The biggest problem remains the flood of troopers taking their pensions. Many began their careers as retirements surged in the aftermath of the bloody riots at the State Correctional Institution at Camp Hill in 1989.

This year, former Acting State Police Commissioner Marcus Brown warned lawmakers that the situation will only worsen as more troopers qualify for the department's generous pension benefits.

Tyree Blocker, Gov. Tom Wolf's nominee for state police commissioner, did not return calls for comment.

‘Top-notch service'

The answer could be legislation that encourages municipalities without police departments to band together to form regional police forces.

Twenty-five regional police departments in Pennsylvania serve a total of 135 municipalities, records show.

Colby Howe, borough manager of Bradford Woods, said his community is one of four in Allegheny County in the Northern Regional Police Department. The borough enjoys “top-notch service” from the force, which was formed more than four decades ago, he said.
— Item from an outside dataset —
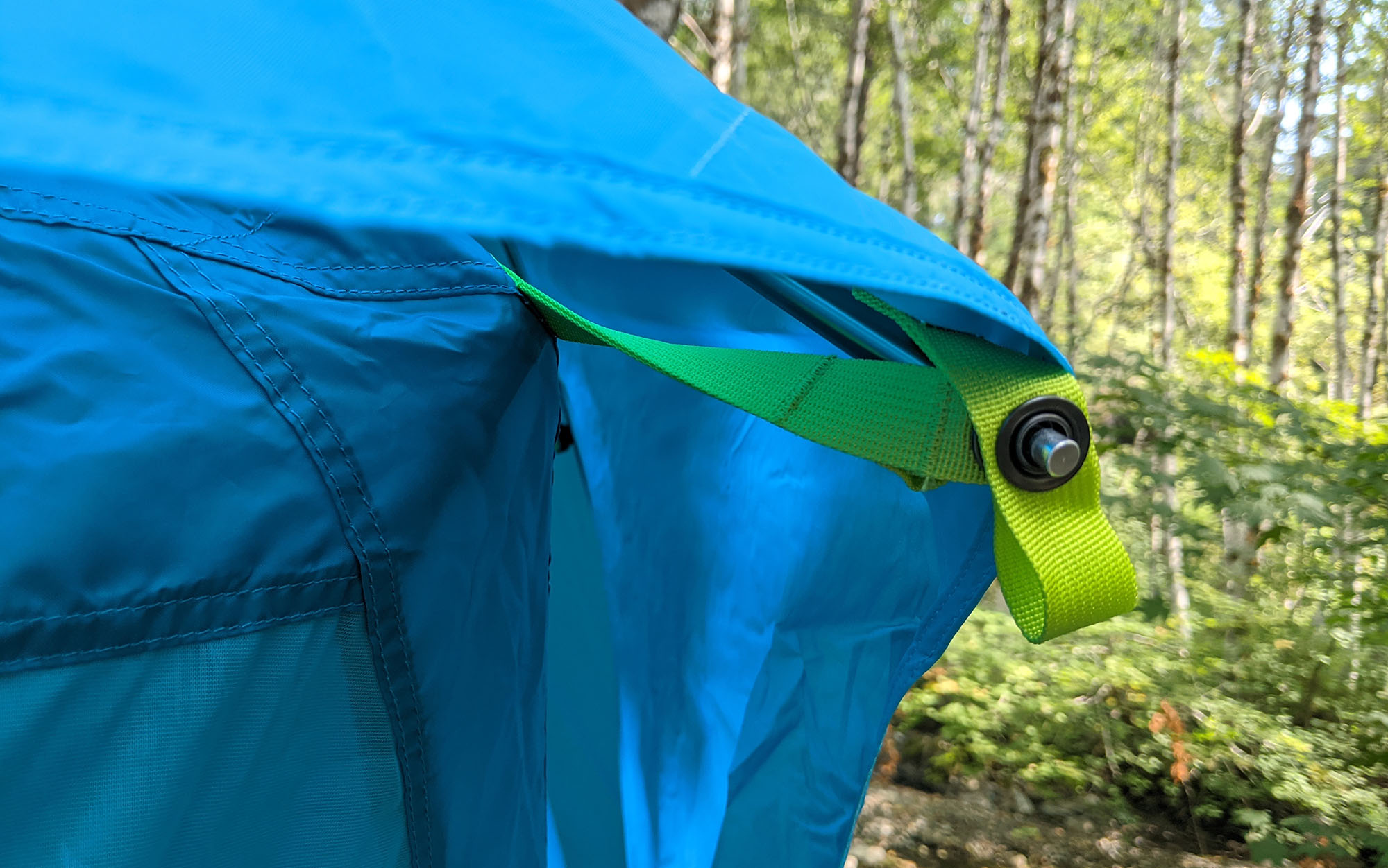 If there was one spot I struggled with this tent, it was in setting up the rainfly. The cut is unusual, as camping tents go, and it took me a bit of time to orient myself to it. But once I had it on straight, it was easy enough to clip in and secure the final pole.

“With 1,200 residents, there is no way we would be able to afford the quality and police presence we have here,” Howe said.

Basinger and Firestone said they long for the days when state police were not in short supply.

“I remember about eight to 10 years ago when I'd be working inside the shop here late at night after 11 p.m. There would be a knock on the door, and it would be a trooper standing there, saying he was just checking to make sure things were OK because I was the only building with a light on inside,” Basinger said.